Please note that there has never been a 2.4.x version of AMD64, so that probably explains what's going on here.
[22 Aug 2005 22:08] Robin Powell
So, since you keep asking about shared libraries issues, I'm guessing that you have a particular cause in mind.  Can you point me to more information about what's going on?  Is there any chance this bug is fixed in 4.1 ?

-Robin
[24 Aug 2005 21:24] Robin Powell
This seems to go away if I compile MySQL myself, but we'd really rather not run with a self-built binary in production.  Is there anything else we can do to try to figure out what's causing this?

-Robin
[25 Aug 2005 18:13] Robin Powell
Just FYI, the Debian AMD64 port's version of mysql 4.0.24 (mysql-server package) seems to not have this bug.

-Robin
[25 Sep 2005 11:11] Valeriy Kravchuk
So, it worked in 4.0.24 from Debian, but does not work in 4.0.25 from MySQL... Have you tried to use newer 4.0.26 version of our binaries (http://dev.mysql.com/get/Downloads/MySQL-4.0/mysql-standard-4.0.26-unknown-linux-gnu-x86_6...)?

I noted the following in http://dev.mysql.com/doc/mysql/en/news-4-0-26.html:

"When two threads compete for the same table, a deadlock could occur if one thread has also a lock on another table through LOCK TABLES and the thread is attempting to remove the table in some manner and the other thread want locks on both tables. (Bug #10600)". 

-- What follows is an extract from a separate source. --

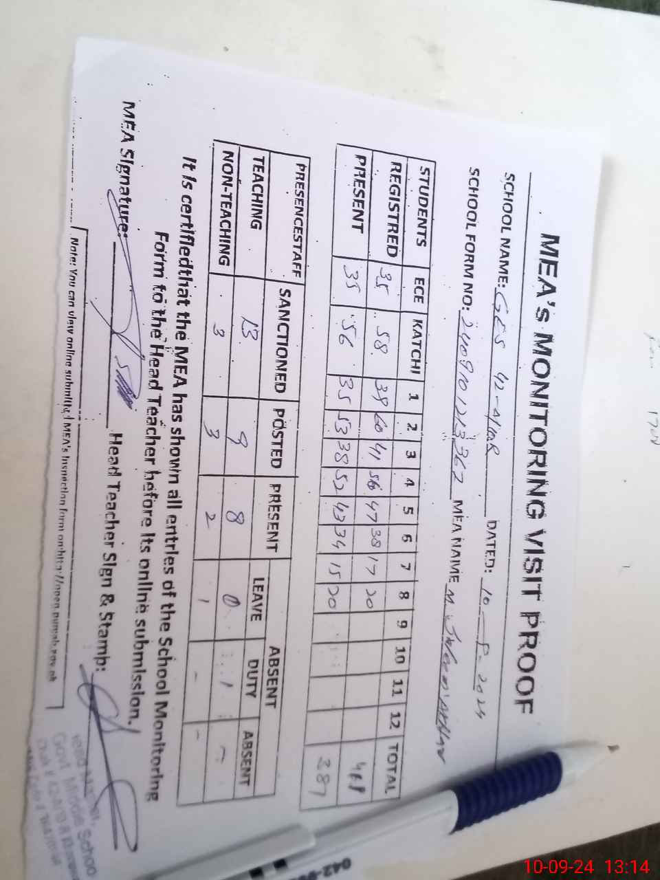 | Attendance Register | Head Teacher | MEA with School | Visit Proof |

May be not related at all. Just wanted to remind everybody about this issue.
[25 Oct 2005 23:00] Bugs System
No feedback was provided for this bug for over a month, so it is
being suspended automatically. If you are able to provide the
information that was originally requested, please do so and change
the status of the bug back to "Open".